Task to carry out: In the entries below, find the line with "On the first" and the line with "8月10日にありがとねバスケ"; copy them and every line between them exactly, but not the pictures.

Input data:
────────────────────────────────────────

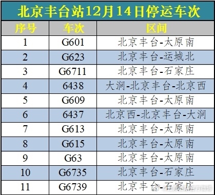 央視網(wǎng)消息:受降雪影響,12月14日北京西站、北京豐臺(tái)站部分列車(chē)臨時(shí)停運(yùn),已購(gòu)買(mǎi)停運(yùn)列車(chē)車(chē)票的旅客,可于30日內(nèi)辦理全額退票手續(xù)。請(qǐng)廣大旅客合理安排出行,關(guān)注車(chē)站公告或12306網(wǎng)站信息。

────────────────────────────────────────

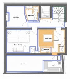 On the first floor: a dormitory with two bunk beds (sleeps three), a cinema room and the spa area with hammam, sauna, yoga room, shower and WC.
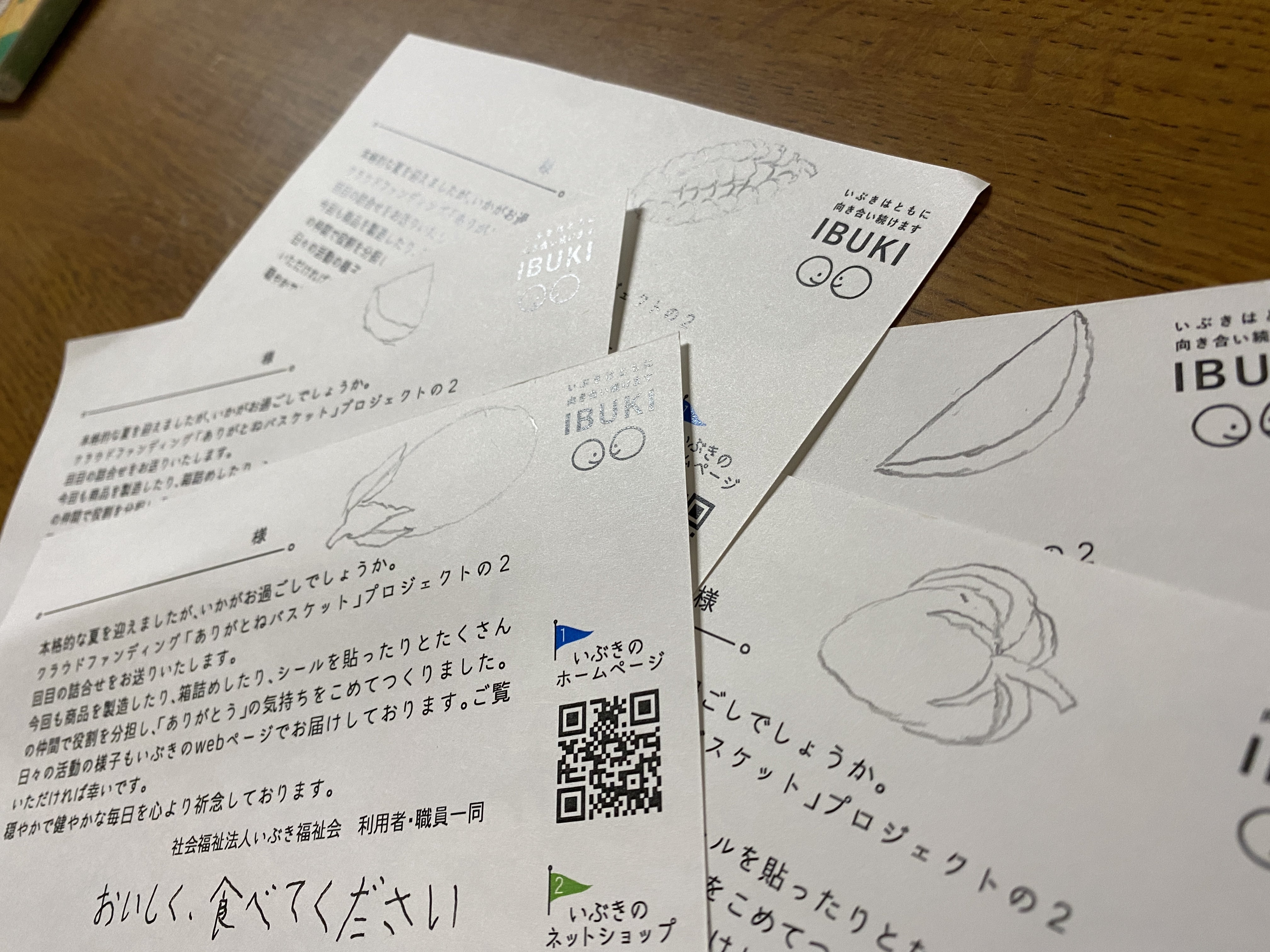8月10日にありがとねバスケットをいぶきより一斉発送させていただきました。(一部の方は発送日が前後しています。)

────────────────────────────────────────

Your solution:
 On the first floor: a dormitory with two bunk beds (sleeps three), a cinema room and the spa area with hammam, sauna, yoga room, shower and WC.
8月10日にありがとねバスケットをいぶきより一斉発送させていただきました。(一部の方は発送日が前後しています。)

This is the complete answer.